436-Million-Year-Old Scorpion Reveals a Lot About Animals' Migration from Aquatic to Terrestrial Habitats

The ancient scorpion is remarkably similar to today's species.
Loukia Papadopoulos

New research is describing one of the oldest scorpions in the fossil record called Parioscorpio venator and is revealing much about early animals' migration from aquatic to terrestrial habitats. The scorpion is estimated to have lived sometime between 437.5 and 436.5 million years ago.

RELATED: FOR THE FIRST TIME EVER, RESEARCHERS IDENTIFY REDDISH FUR IN 3-MILLION-YEAR-OLD FOSSIL 

Living on both land and sea

The fossils of the scorpion were discovered in Wisconsin back in 1985. They stayed at the University of Wisconsin for 35 years without being studied until paleontologists Loren Babcock from Ohio State University and Andrew Wendruff from Otterbein University acknowledged their importance.

Although an aquatic creature, Parioscorpio venator had a unique anatomy that allowed it to also live on land. It is now considered one of the earliest air breathers known to science.
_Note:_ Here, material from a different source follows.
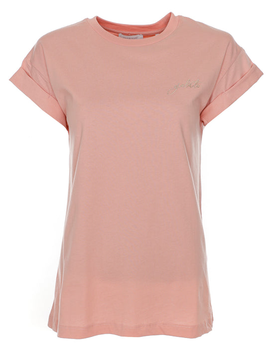 T-Shirt mit Rundhalsauschnitt,Rippbündchen am Ausschnitt,Hoch genähte Umschläge an den Ärmeln,Statement-Schriftzug mit Pailletten auf der Vorderseite,Normale Passform,Leicht verlängerte Rückenpartie,Leicht verkürzt,Länge: Hüftlang,Made in Portugal

Scorpions are amongst the first animals to transition to terrestrial living. As such, Parioscorpio venator holds clues to what enabled animals to go from sea to land.

The scientists used microscopes and high-resolution imagery to study these fossils in detail and may have found the key to transitioning from marine to land life. Although the early scorpions didn’t have lungs or gills, they did have an hourglass-shaped structure similar to the respiratory systems seen in modern scorpions.

It was this system that allowed these scorpions to stay on land for extended periods. Wendruff told Gizmodo that this scorpion “was found in what was an ancient near-shore environment with other organisms that lived in the ocean,” but “the preserved respiratory and cardiovascular systems in the fossil were just like modern scorpions which live on land and breathe air.”

She added that Parioscorpio's adaptations represented “a major step in colonizing land."

Another discovery that came out of the research is how little scorpions have changed over time. “Sometimes evolutionary success is dictated by what creature first breaks the adaptive barrier, such as being among the first to become land-capable. The biological model may have been tested and ‘perfected’ early in their evolutionary history, and didn’t need much tweaking afterward,” Babcock told Gizmodo.